What do I see when I look at the bomb? Another threshold crossed. Now turn around, look back over your shoulder, are you surprised at how painless it actually was? All of that fear, and for what? What do I see? Now, years after the threshold, years of ‘cold’ war, the violence, violence, violence, slowly reshaping us, heads held lower, voices softer somehow, now, looking back at it, what do I see? A broken promise. A broken promise, that’s what it is. Not in the way you think – no. You promised, that it would mean something. You promised, that if we die, that it would mean something. You promised, we would die. Did you know that trinitite, molten sand found on nuclear test sites, has five fold symmetry? The only element on our planet to do so? The bomb changes the structure of the atom to leave behind a pentagram. I want this to touch me, to make me violently sick. I want to ask myself, How could we live that down? How could we? ‘Ah, the limbo of wounds, the yellow decades of dressage…’ - but I don’t believe in that anymore. ‘How could we live that down?’ The answer is, pardon me, ‘very carefully’. I feel pieces of myself breaking off. I was never religious, but this is what I imagine losing your religion must feel like. I ask myself why I believe in the things I do. I can’t justify believing in them any longer. I feel myself a creature of War, a rational creature. I don’t believe in justice except when applied to me, applied as self-punishment; nothing angers me and nothing makes me sad. I do not believe in changing anything. These past few months, nothing has felt real. Everything is the Past: there is the Past, and the Now, which is by now also the Past, and the Future to come, which I can only think of as already the Past. I start to detest other people. They are a foreign body to measure time by, they intervene with my Past-Future trajectory. They don’t belong in my system. A long time ago, I promised to myself I would not give up my beliefs; I wanted continuity, I wanted something to stay with me forever. If I give it up, I’m not sure who I’ll be anymore. I won’t be sure of anything. Any belief I could possibly have would cease to matter. I would have to build myself up anew, piece by piece, no longer restrained by anything. And then I would have to ask myself: Out of all possible things to be, you chose this?

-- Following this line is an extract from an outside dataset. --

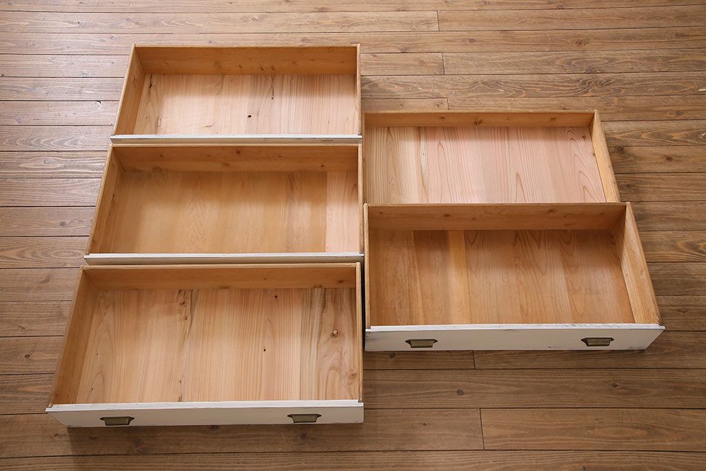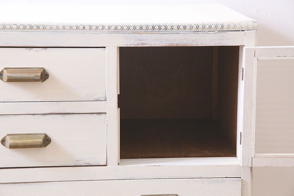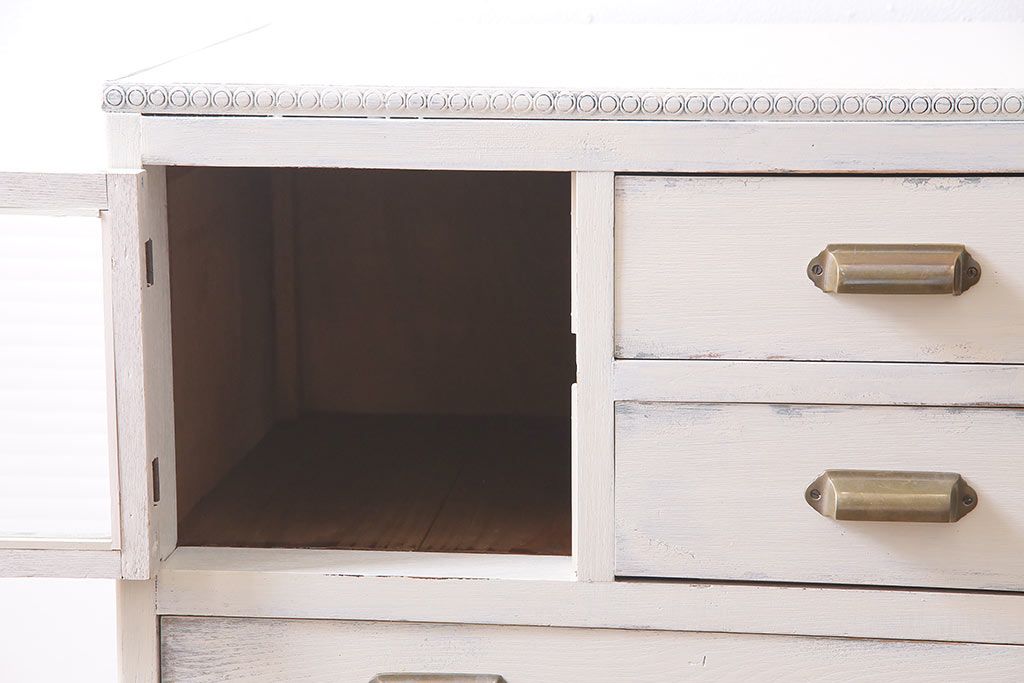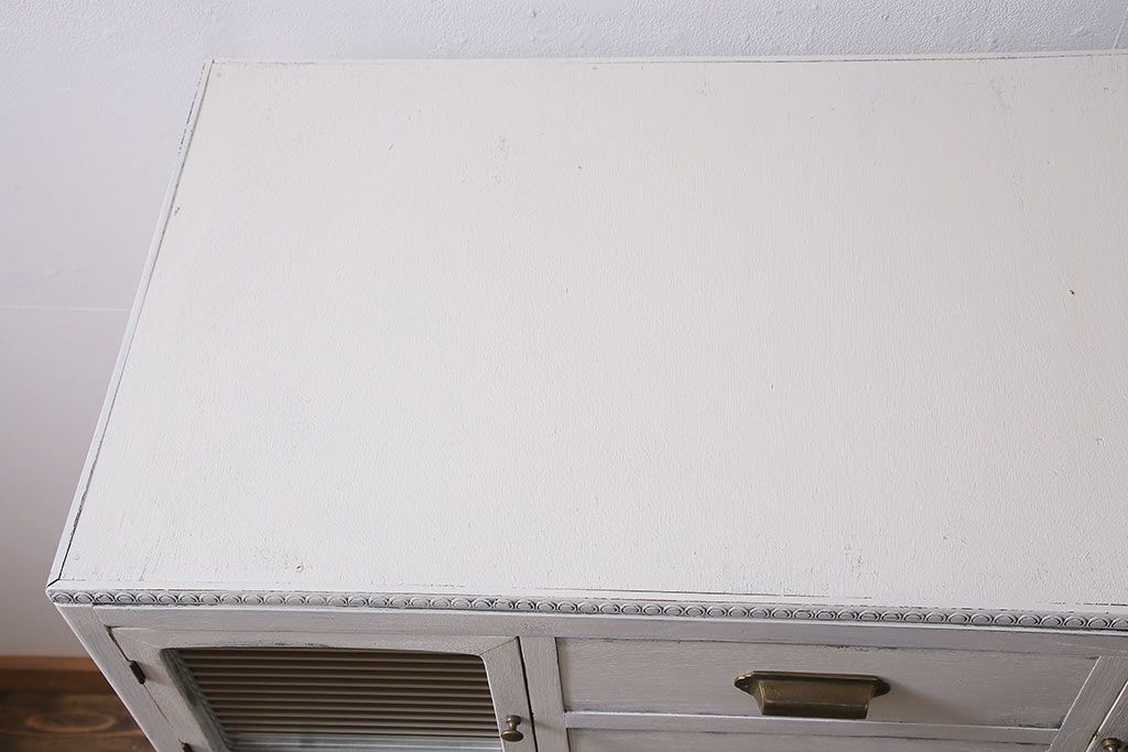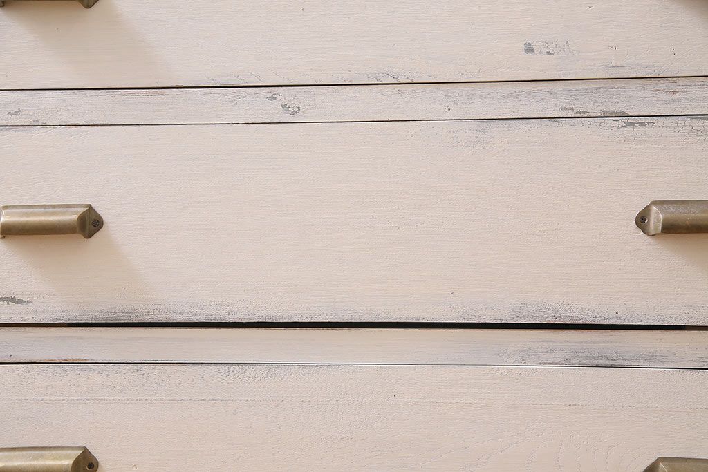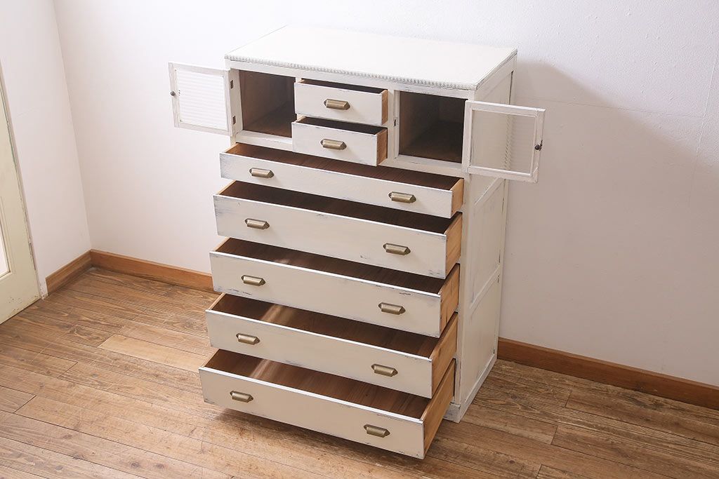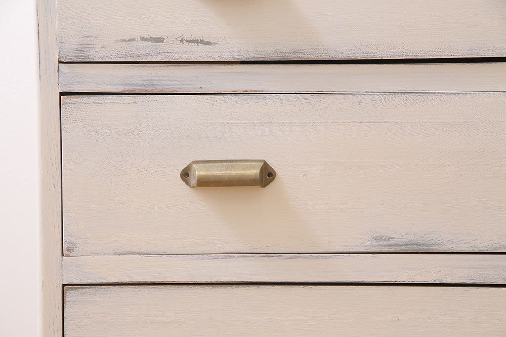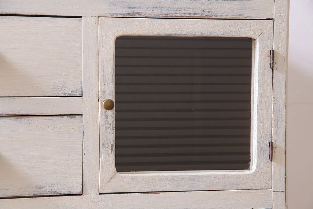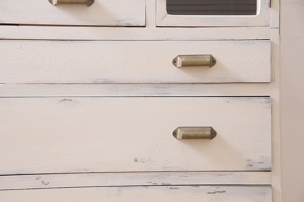 アンティーク家具 昭和中期 モールガラス入り シャビーなペイントがおしゃれなチェスト(引き出し)(R-045278)です。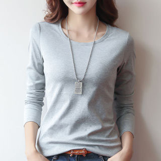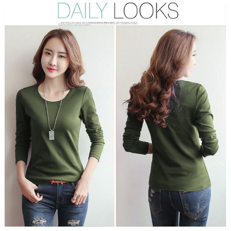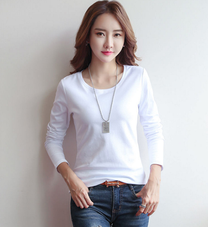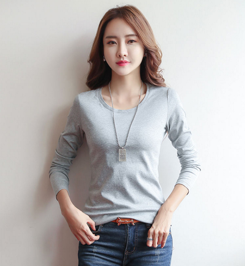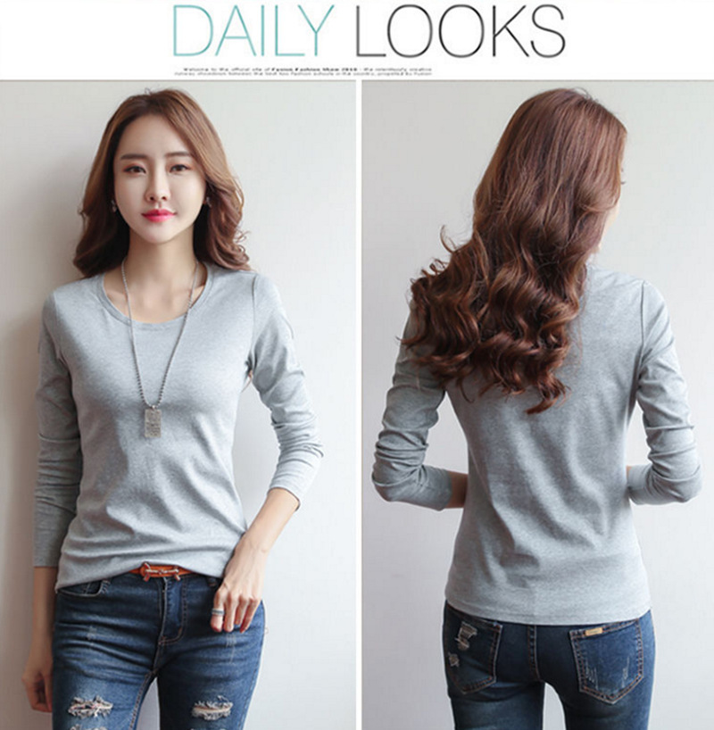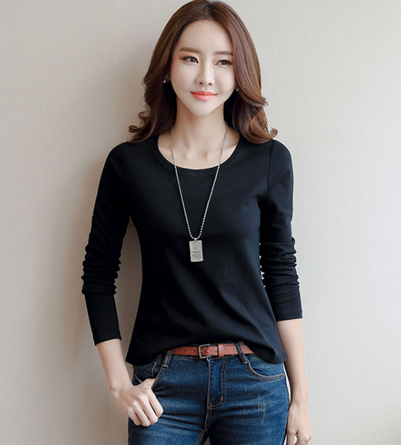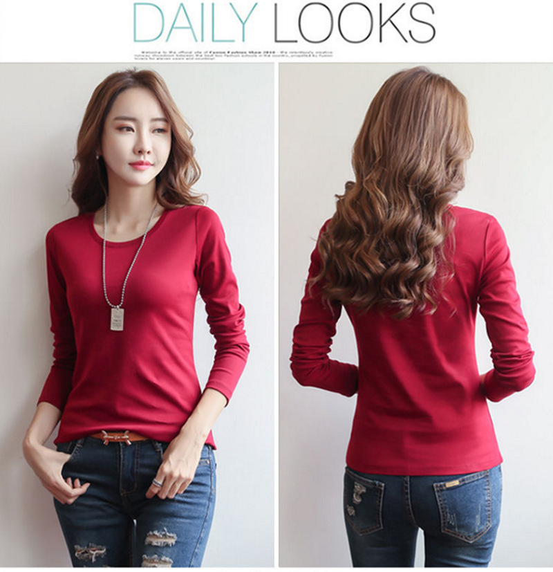 가을 2022 긴 소매 여성 티셔츠 단색 일본 슬림 얇은 풀오버베이스 셔츠 슬림 여성 도매스토어 가기

Here is a quote from Gravity’s Rainbow:

“I would set you free, if I knew how. But it isn’t free out here. All the animals, the plants, the minerals, even other kinds of men, are being broken and reassembled every day, to preserve an elite few, who are the loudest to theorize on freedom, but the least free of all. I can’t even give you hope that it will be different someday—that They’ll come out, and forget death, and lose Their technology’s elaborate terror, and stop using every other form of life without mercy to keep what haunts men down to a tolerable level—and be like you instead, simply here, simply alive…”

How can I get myself to believe this? I know I don’t believe it now. I want to choose this; how can I choose this?